Wij Beatlesfans begrijpen dat maar al te goed; wie herkent niet dat gevoel van verlies als Hey Jude steeds meer aan kracht verliest? Je dacht dat het nooit voorbij zou gaan, toch? Tot voorjaar 1970 . . .

Mijn hypothese is dat Jeff Lynne kennelijk iets met ideaalbeelden heeft. Denk ook eens aan Eldorado – A Symphony by the Electric Light Orchestra (1974). Eldorado is natuurlijk het mythische goudland, dat ergens in het net ontdekte Zuid-Amerika zou liggen. Het album draait om iemand die vlucht in een fantasie-/droomwereld, om aan de harde werkelijkheid te ontsnappen.
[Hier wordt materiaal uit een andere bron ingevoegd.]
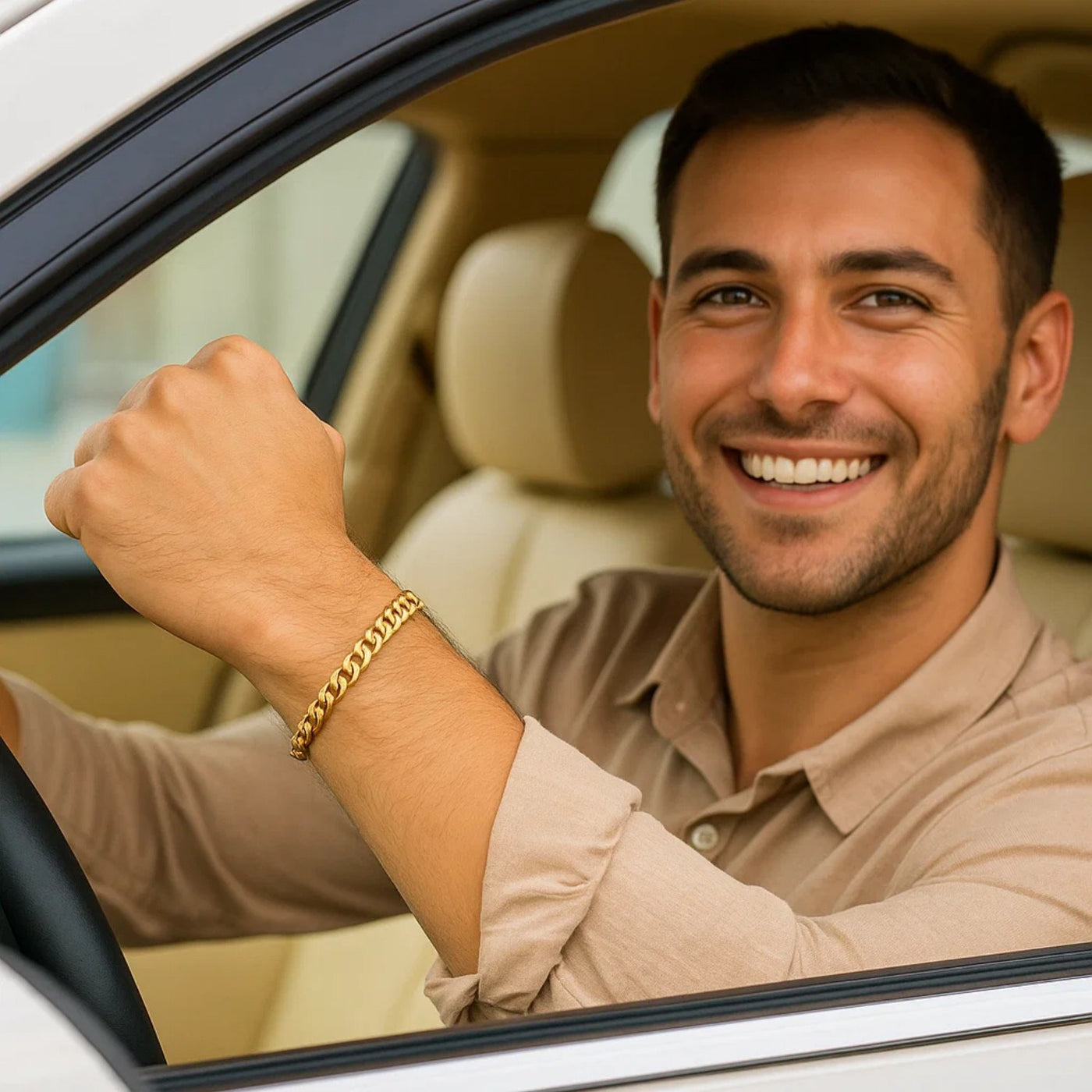 This light Miami Cuban bracelet comes in 10k yellow gold and has a width of 6.7 millimeters. Secured with a lobster clasp.
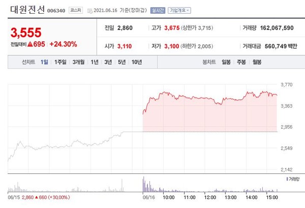 대원전선우(006345)는 장중 가격제한폭까지 올라 전일대비 29.83%(1,390원) 상승한 6,050원으로 마감했다.
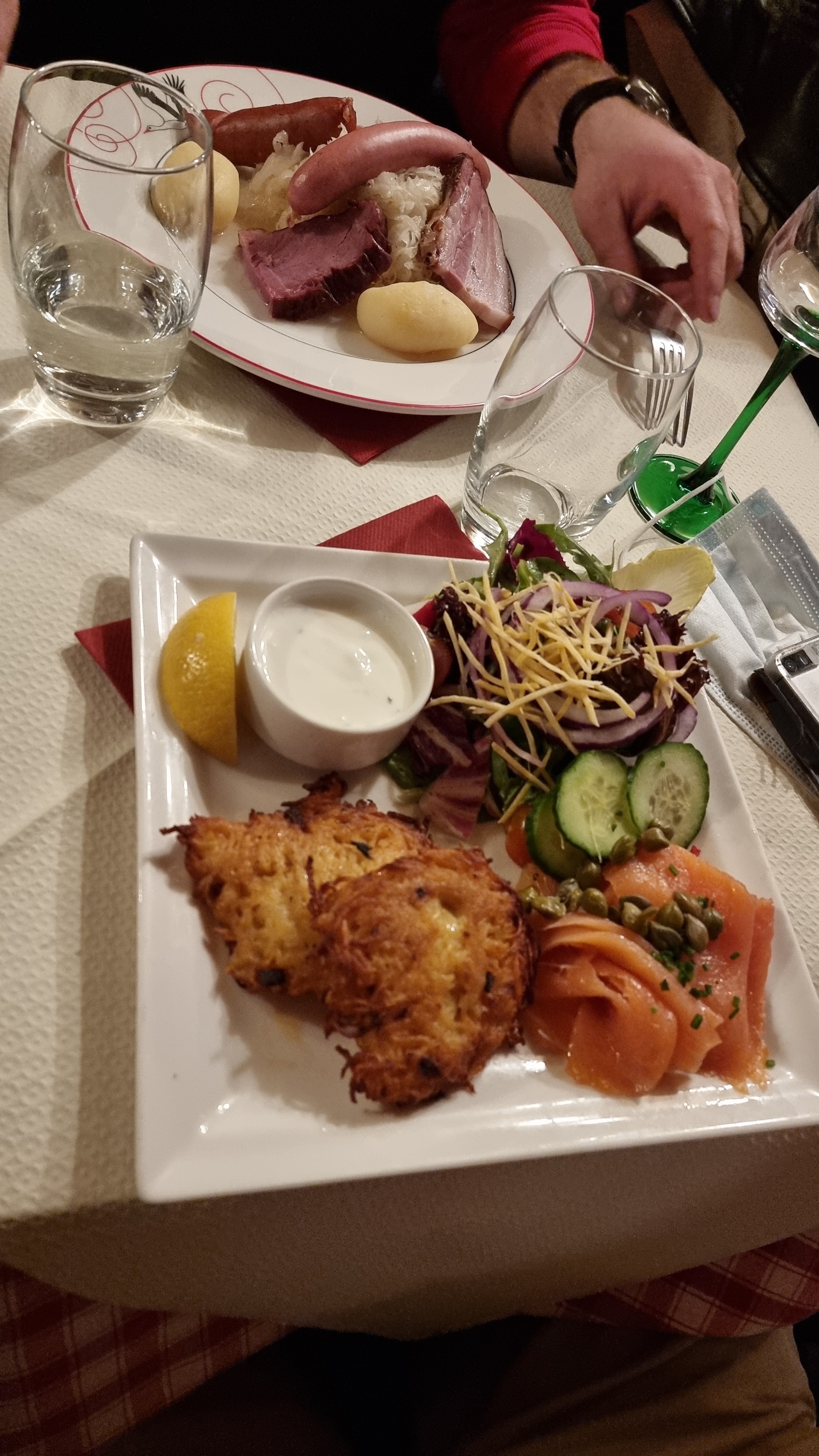 C'est un bon restaurant, dans un cadre traditionnel alsacien. En revanche, j'ai été déçu par les galettes de pommes de terre qui s'écartent un peu trop de la recette originale...

Uiteraard werd Eldorado zelf nooit gevonden en namen de Europese schatzoeker genoegen met de maar al te werkelijke goudschatten van de Azteken, Maya’s en Inca’s.

Iets vergelijkbaars introduceert Samuel Taylor Coleridge in diens opiumroes . . .euhm . . . gedicht “Kubla Khan, or a Vision in a Dream”. Deze Chinese Keizer baadde in luxe in zijn zomerpaleis in Shangdu, lees: Xanadu. Hij kon zelfs jagen binnen veiligheid van de muren, in een kopie van de steppenwereld daarbuiten. Zo’n fantasiewereld was uiteraard onweerstaanbaar voor Jeff. Vervolgens verzorgde ELO een belangrijk deel van de soundtrack van de (geflopte) film Xanadu (1980): de combinatie van Griekse mythologie, negen muzen, rolschaatsen en een nachtclub genaamd Xanadu kon slechts weinigen bekoren. De gelijknamige single met Olivia Newton John èn het album werden wél wereldhits.

Uit de as van The Move, verrees Lynne’s gedroomde fusie van rock en klassiek. Jeff – zoals we allemaal weten uit zijn werk met George, The Traveling Wilburys en Paul, en aan de Anthology – adoreert de Fab4. Dat I am The Walrus dé grote inspiratiebron van The Electric Light Orchestra was, is onmiskenbaar aanwezig in zo’n beetje elke ELO-song tot eind jaren zeventig. Lennon doopte ze ooit “Sons of The Beatles”. Aan de ideale versmelting van rock en klassiek wordt nog steeds gewerkt door artiesten. De vraag blijft of zo’n utopisch beeld niet meer de hersenschim van elke zichzelf respecteren popmuzikant is gebleken; voor het publiek hoeft het niet zo nodig . . .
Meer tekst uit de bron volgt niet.